The forum’s findings center on communication patterns in the first 30-60 days after activist contact. Boards typically convene emergency sessions, hire specialized advisors, and develop defensive strategies without first understanding what the activist actually wants. According to the analysis, this reactive posture signals weakness rather than control.

Tactical errors fall into three categories: procedural delays, communication failures, and strategic miscalculations. Procedural delays include requesting extensions for meetings that should happen promptly, demanding excessive confidentiality agreements before sharing basic company information, and insisting on an attorney’s presence during initial conversations. These moves telegraph defensiveness.

Communication failures involve refusing direct contact between activists and management, filtering all communication through legal counsel, and providing only scripted responses to reasonable questions about company performance. The forum notes that activists interpret these patterns as evidence that management lacks confidence in their strategic direction.

Strategic miscalculations include immediately threatening poison pills or other defensive measures, publicly questioning the activist’s motives before understanding their proposals, and briefing media contacts about potential hostile activity. Each of these escalates the situation unnecessarily.

What the Harvard analysis does not address is why boards default to these patterns. Most independent directors have limited experience with activist situations and rely heavily on advisor recommendations during the initial response phase. The advisory industry, however, has economic incentives to position these engagements as adversarial rather than collaborative.

The forum identifies specific communication tactics that create problems later in the process. Boards that insist on group meetings rather than one-on-one conversations often find that activists become more public with their concerns. Similarly, boards that demand detailed written proposals before agreeing to meet often discover that activists have already prepared public campaign materials as backup.

The timing element appears critical. Activists who receive prompt, direct engagement typically pursue private dialogue longer before considering public campaigns. Boards that create procedural obstacles or delay initial meetings find themselves dealing with public pressure campaigns that could have been avoided.
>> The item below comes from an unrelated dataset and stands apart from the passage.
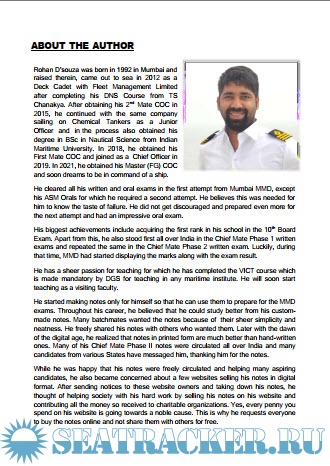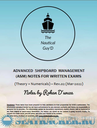 Year: 2022 Language: english Author: Rohan D'souza Publisher: The Nautical Guy'D Edition: Rev. 02 / March Format: PDF Quality: eBook Pages count: 566 Description: Advanced Shipboard Management (ASM) Notes for Written Exams (Theory & Numericals) of M.M.D.(Mercantile Marine Department) - D.G. Shipping, India Additional info: From the Author: In case any of you feel the notes are good and worth it, can get in touch with me if you wish to contribute to charity.

The forum’s analysis suggests that many board responses stem from a misunderstanding of activist motivations. Directors often assume that activists want immediate board seats or dramatic strategic changes, when many initial approaches involve narrower concerns about capital allocation, operational performance, or governance practices.

The legal framework governing activist engagements has evolved significantly over the past decade, but board practices have not kept pace. Many of the tactical approaches that were standard practice during the hostile takeover era of the 1980s and 1990s now create unnecessary friction in today’s shareholder engagement environment.

Independent directors face particular challenges because they typically have limited direct experience with activist situations. Unlike management, who may have dealt with activist investors at previous companies, independent directors often encounter these situations for the first time during their board service. This inexperience contributes to over-reliance on defensive tactics.

The forum’s practitioners note that boards performing well on fundamental metrics—revenue growth, margin improvement, and capital efficiency—generally find activist engagements more manageable than boards at underperforming companies. However, even well-performing boards can create problems through poor initial tactical choices.

The analysis does not examine the economic dynamics driving this pattern, but the incentive structure appears relevant. Legal and advisory firms billing for activist defense work benefit from extended engagements, while boards benefit from swift resolution. This misalignment may explain why initial tactical advice often escalates rather than de-escalates these situations.

My Boardroom Takeaway

Directors may wish to establish activist engagement protocols before receiving any activist contact, rather than developing responses under pressure. A prudent approach would involve designating specific board members to handle initial activist conversations, agreeing on information-sharing boundaries in advance, and identifying circumstances that warrant immediate escalation versus collaborative dialogue. Boards should also consider whether their current advisory relationships provide balanced counsel on engagement tactics or primarily defensive positioning.